When I go back to save this set, I'd like to be able to only save the
new items. Currently I am creating a copy of the set as soon as I load
it and then when I go back to save it, i'm calculating the difference
and saving just the difference.

There are many problems with this approach so far:
1) Calculating the difference via the standard set implementation is
not very scalable -> O(n) I presume
2) Maintaining a copy wastes memory
3) I don't have a good solution if I delete items from the set
(calculating the difference will return an empty set but I need to
actually delete stuff).

I was thinking of writing a specialized set implementation (I have no
idea how to start on this) which tracks new items (added after
initialization) in a separate space and exposes a new API call which
would enable me to directly get those values. This is kind of ugly and
doesn't solve problem 3.

I also thought of using a hastable but I'm storing many ( > 1 million)
of these sets in the same file (most of them will be empty or contain
just a few values but a few of them will be very large - excess of
10,000 items). The file is already separated into tablespaces.

Does anyone have any ideas?

Thanks in advance.
Prateek
PS: Yes - I need blazing fast performance - simply pickling/unpickling
won't do. Memory constraints are important but definitely secondary.
Disk space constraints are not very important.
 
A

Alex Martelli

Prateek said:
I have a bit of a specialized request.

I'm reading a table of strings (specifically fixed length 36 char
uuids generated via uuid.uuid4() in the standard library) from a file
and creating a set out of it.
Then my program is free to make whatever modifications to this set.

When I go back to save this set, I'd like to be able to only save the
new items. Currently I am creating a copy of the set as soon as I load
it and then when I go back to save it, i'm calculating the difference
and saving just the difference.

There are many problems with this approach so far:
1) Calculating the difference via the standard set implementation is
not very scalable -> O(n) I presume

Yep, you do have to look at every item, so O(N) is an obvious lower
bound.
2) Maintaining a copy wastes memory
3) I don't have a good solution if I delete items from the set
(calculating the difference will return an empty set but I need to
actually delete stuff).

(3) is easy -- the difference originalset-finalset is the set of things
you have to delete.
Does anyone have any ideas?

Your problem is really a thinly disguised version of one of the most
ancient and venerable ones in data processing -- the "master file /
transaction file" problem. With sets (which are built as hash tables)
you have very powerful weapons for this fray (it used to be, many years
ago, that sorting and "in-step processing of sorted files" was the only
feasible approach to such problems), but you still have to wield them
properly.

In your shoes, I would write a class whose instances hold three sets:
-- the "master set" is what you originally read from the file
-- the "added set" is the set of things you've added since then
-- the "deleted set" is the set of things you've deleted since them

You can implement a set-like interface; for example, your .add method
will need to remove the item from the deleted set (if it was there),
then add it to the added set (if it wasn't already in the master set);
and so on, for each and every method you actually desire (including no
doubt __contains__ for membership testing). E.g., with suitably obvious
names for the three sets, we could have...:

class cleverset(object):
...
def __contains__(self, item):
if item in self.deleted: return False
elif item in self.added: return True
else: return item in self.master

When the time comes to save back to disk, you'll perform deletions and
additions based on self.deleted and self.added, of course.

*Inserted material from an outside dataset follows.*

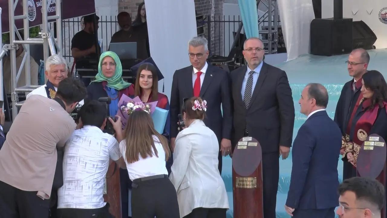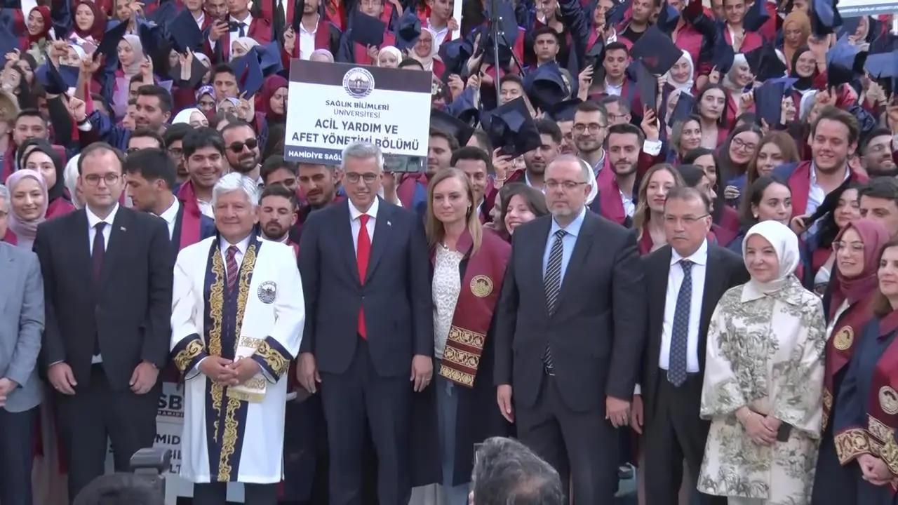 Sağlık Bilimleri Üniversitesi'nde 2024-2025 akademik yılı mezuniyet töreni düzenlendi. Törene Sağlık Bakanı Memişoğlu, üst düzey yöneticiler ve öğrenci aileleri katıldı.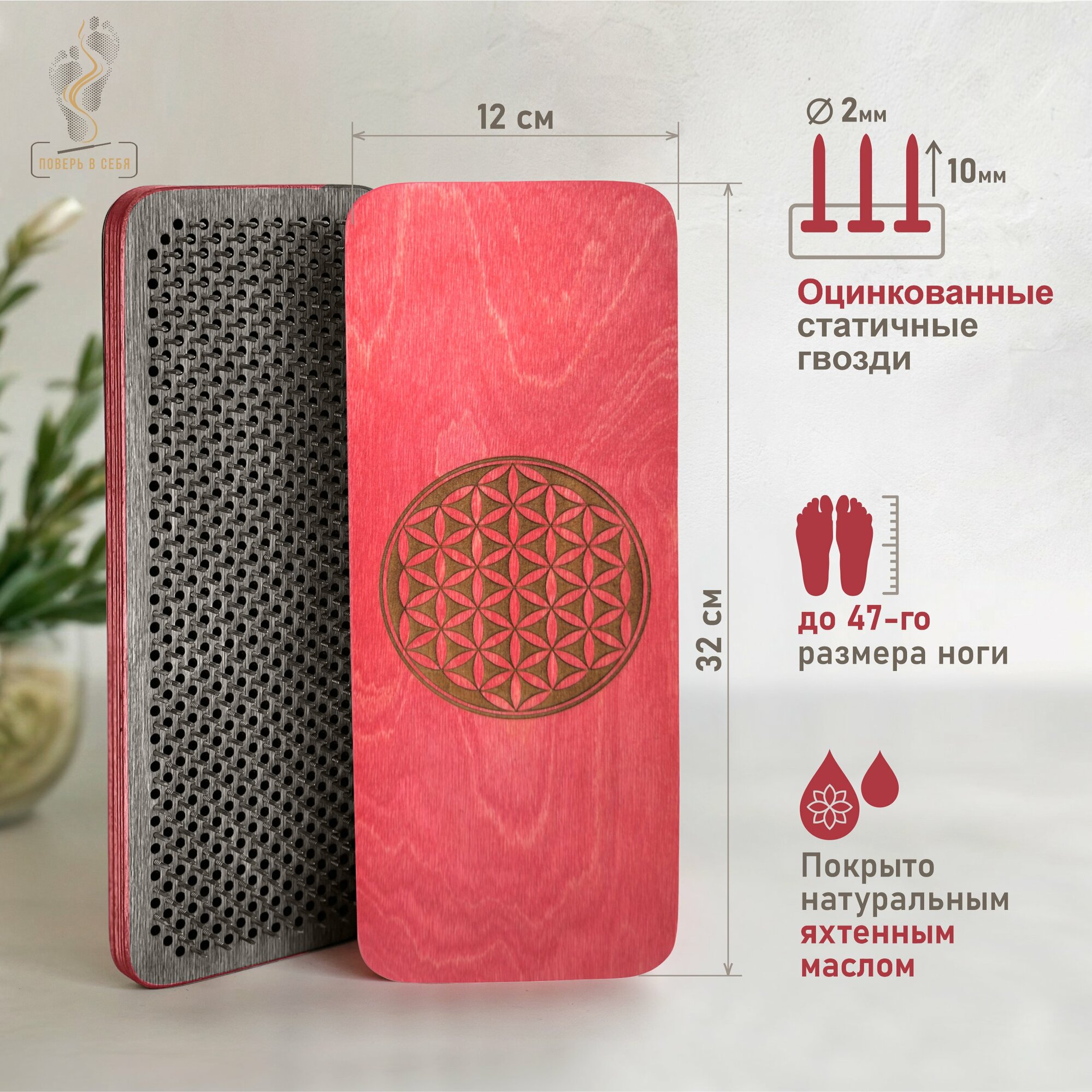 Доска Садху / Доска с гвоздями / Доска для йоги / Цветок жизни / Красный / шаг 8 мм информация:

I'm not addressing the issue of how to best represent such sets on disk
because it's not obvious to me what operations you need to perform on
the on-disk representation -- for example, deletions can be very costly
unless you can afford to simply set a "logically deleted" flag on
deleted items; but, depending on how often you delete stuff, that will
eventually degrade performance due to fragmentation, and maintaining the
indexing (if you need one) can be a bear.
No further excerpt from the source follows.